Pictures in the listing below are skipped, while the lines from the "Country/Region Singapore Thursday, August" line through the "新華社北京6月19日電(記者" line are returned word for word.

### RECORDS SHOWN:
>>>>
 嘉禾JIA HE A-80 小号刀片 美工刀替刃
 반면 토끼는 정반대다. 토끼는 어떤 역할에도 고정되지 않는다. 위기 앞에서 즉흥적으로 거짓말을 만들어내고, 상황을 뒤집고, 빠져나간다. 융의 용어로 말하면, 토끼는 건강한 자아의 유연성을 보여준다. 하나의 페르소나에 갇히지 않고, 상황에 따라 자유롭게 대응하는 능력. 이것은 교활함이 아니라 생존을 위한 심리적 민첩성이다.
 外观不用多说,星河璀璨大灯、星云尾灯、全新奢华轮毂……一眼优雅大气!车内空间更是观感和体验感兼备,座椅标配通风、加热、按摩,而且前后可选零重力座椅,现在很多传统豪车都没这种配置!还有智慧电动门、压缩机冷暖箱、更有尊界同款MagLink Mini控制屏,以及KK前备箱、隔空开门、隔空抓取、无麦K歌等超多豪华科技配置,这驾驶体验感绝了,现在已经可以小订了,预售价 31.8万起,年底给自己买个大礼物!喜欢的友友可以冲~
<<<<
>>>>
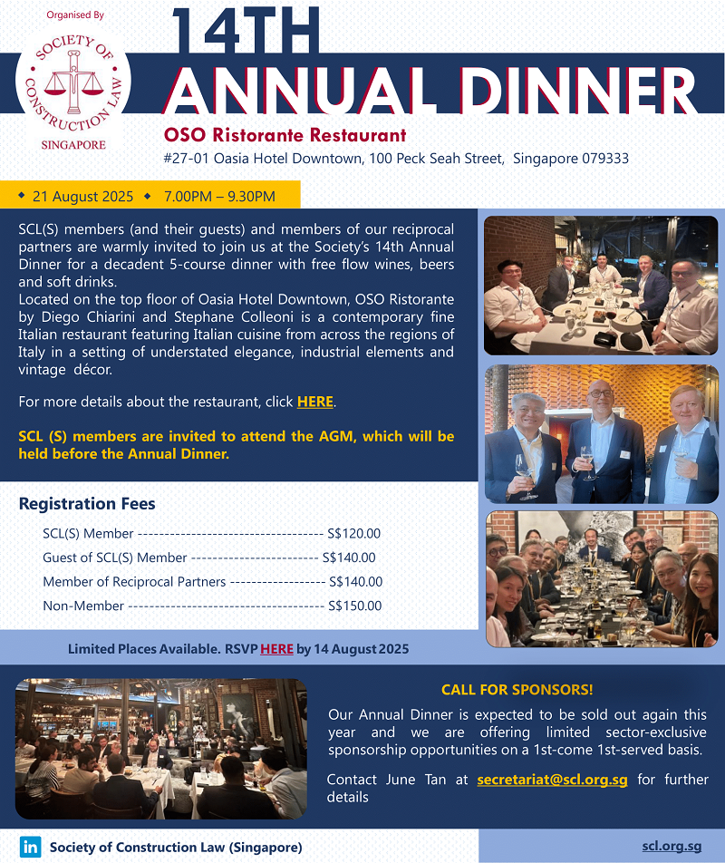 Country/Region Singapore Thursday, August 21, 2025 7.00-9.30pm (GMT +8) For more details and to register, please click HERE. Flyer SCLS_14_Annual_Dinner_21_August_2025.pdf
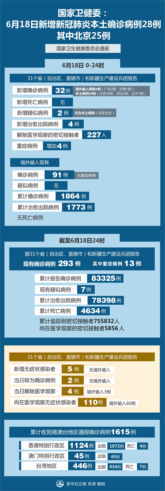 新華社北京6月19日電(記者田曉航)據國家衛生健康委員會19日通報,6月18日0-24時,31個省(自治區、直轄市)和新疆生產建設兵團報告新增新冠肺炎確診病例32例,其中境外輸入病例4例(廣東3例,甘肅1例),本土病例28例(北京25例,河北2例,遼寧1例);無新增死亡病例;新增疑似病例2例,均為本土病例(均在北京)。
<<<<
### RESPONSE AREA:
 Country/Region Singapore Thursday, August 21, 2025 7.00-9.30pm (GMT +8) For more details and to register, please click HERE. Flyer SCLS_14_Annual_Dinner_21_August_2025.pdf
 新華社北京6月19日電(記者田曉航)據國家衛生健康委員會19日通報,6月18日0-24時,31個省(自治區、直轄市)和新疆生產建設兵團報告新增新冠肺炎確診病例32例,其中境外輸入病例4例(廣東3例,甘肅1例),本土病例28例(北京25例,河北2例,遼寧1例);無新增死亡病例;新增疑似病例2例,均為本土病例(均在北京)。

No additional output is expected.